Tia Joaninha nasceu na terra de sua mãe, Benjamim Constant (AM), em uma quarta-feira do dia 19 de fevereiro de 1919, era filha do peruano Lázaro Anaquirí Cauassa, e de dona Eleotina Ipuxima Cauassa que era descendente de pai japonês e mãe peruana. Chegou à Freguesia de Fonte Boa em 1922, e lá se estabeleceu com sua família. Viveu intensamente até 95 anos de idade. No o rude dissabor da vida, vivenciou a perda de alguns de seus filhos, uns ainda no ventre, outros na infante idade. Chorou também pela partida prematura do seu querido Sósthenes tirado de nosso convívio no vigor de sua maturidade.
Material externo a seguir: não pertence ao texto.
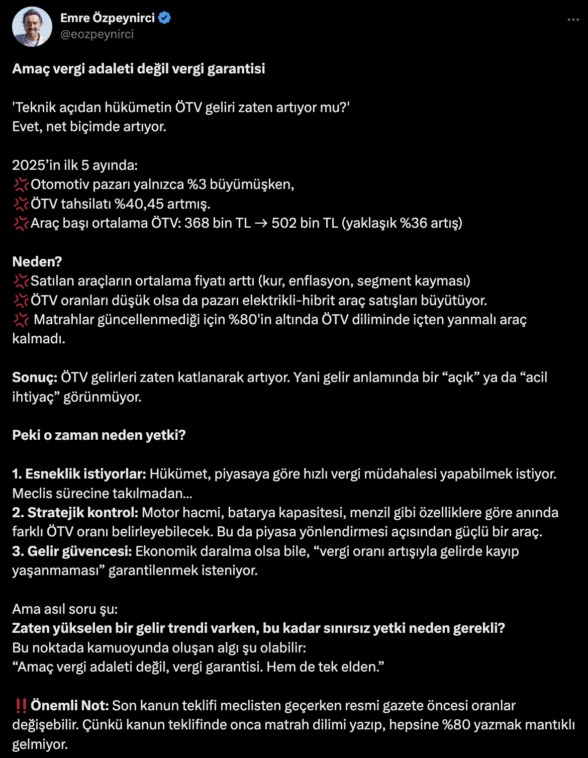 Ekonomi gazetecisi Emre Özpeynirci’nin değerlendirmesine göre, 2025 yılının ilk beş ayında otomotiv sektöründe sınırlı bir büyüme yaşanmasına rağmen ÖTV gelirlerinde dikkat çekici bir artış kaydedildi. Bu tabloya rağmen Meclis’e sunulan yeni ÖTV yetki talebi ise kamuoyunda tartışmalara yol açtı. Otomotiv Pazarı Sınırlı Büyürken ÖTV Tahsilatı Rekor Kırdı Emre Özpeynirci’nin verilerine göre, 2025 yılının Ocak-Mayıs döneminde otomotiv pazarı yalnızca yüzde 3 büyürken, aynı dönemde ÖTV tahsilatı yüzde 40,45 artarak 254 milyar TL seviyesini geçti. Araç başına ortalama ÖTV tutarı ise 368 bin TL’den 502 bin TL’ye yükseldi ve bu da yaklaşık yüzde 36,41’lik bir artış anlamına geldi. Mayıs ayında ise otomotiv pazarı yüzde 6,32 büyüyerek 111.600 adetlik satış hacmine ulaştı. Aynı ayda ÖTV geliri yüzde 20,87’lik bir artışla 54,2 milyar TL’ye çıktı. Yıl genelinde 2025 için belirlenen ÖTV tahsilat hedefi 818,8 milyar TL olarak açıklanmışken, yılın ilk beş ayında bu hedefin yüzde 32’si şimdiden gerçekleşti. Geçtiğimiz yılın aynı döneminde bu oran yüzde 36,42 olmuştu ve yıl sonunda hedefin aşıldığı görülmüştü. Vergi Artışının Temel Nedenleri: Fiyatlar, Matrahlar, Segment Kayması Bu vergi artışının nedenlerine de değinen Özpeynirci, satılan araçların ortalama fiyatlarının arttığını, döviz kuru ve enflasyon etkisiyle birlikte segment kaymasının yaşandığını ve en önemlisi matrah dilimlerinin güncellenmediğini vurguladı. Özellikle içten yanmalı araçların artık yüzde 80’in altındaki ÖTV dilimlerinde yer bulamaması, vergi yükünü doğrudan yukarı taşıdı. Elektrikli ve hibrit araçlar ÖTV avantajına sahip olsa da yüksek satış fiyatları nedeniyle toplam tahsilata ciddi katkı sundu. Bu Kadar Gelire Rağmen Yeni Vergi Yetkisi Neden Gündemde? Emre Özpeynirci'ye göre, hükümetin Meclis’e sunduğu yasa teklifiyle talep ettiği yetkinin üç temel gerekçesi bulunuyor: ''1. Esneklik istiyorlar: Hükümet, piyasaya göre hızlı vergi müdahalesi yapabilmek istiyor. Meclis sürecine takılmadan… 2. Stratejik kontrol: Motor hacmi, batarya kapasitesi, menzil gibi özelliklere göre anında farklı ÖTV oranı belirleyebilecek. Bu da piyasa yönlendirmesi açısından güçlü bir araç. 3. Gelir güvencesi: Ekonomik daralma olsa bile, “vergi oranı artışıyla gelirde kayıp yaşanmaması” garantilenmek isteniyor.'' Özpeynirci’nin aktardığı önemli bir diğer not ise teklifin Resmî Gazete’de yayımlanmadan önce değişebileceği yönünde. Çünkü “kanun teklifinde onca matrah dilimi yazıp, hepsine yüzde 80 yazmak mantıklı gelmiyor.” ifadeleriyle, vergi dilimlerinin tamamına aynı oranı uygulamanın teknik açıdan sorunlu bir düzenleme olabileceği belirtiliyor.

O dia de sua chamada ao Plano Superior se deu no dia 18 de setembro de 2014. Cumpriu sua missão. Deixou em nosso convívio uma família maravilhosa, fruto do amor que teve com seu inesquecível Epaminondas, um homem simples, humilde, digno e bondoso, preceitos que seus filhos e descendentes jamais deixaram perecer, vez que esses tesouros receberam como herança.
Esta crônica cumpriu seu objetivo, reverenciar e promover novamente a perenidade da memória e da história de nossos antepassados, na certeza que agora estão todos vivendo eternamente como astros fúlgidos do zênite azulado de nossa eterna saudade.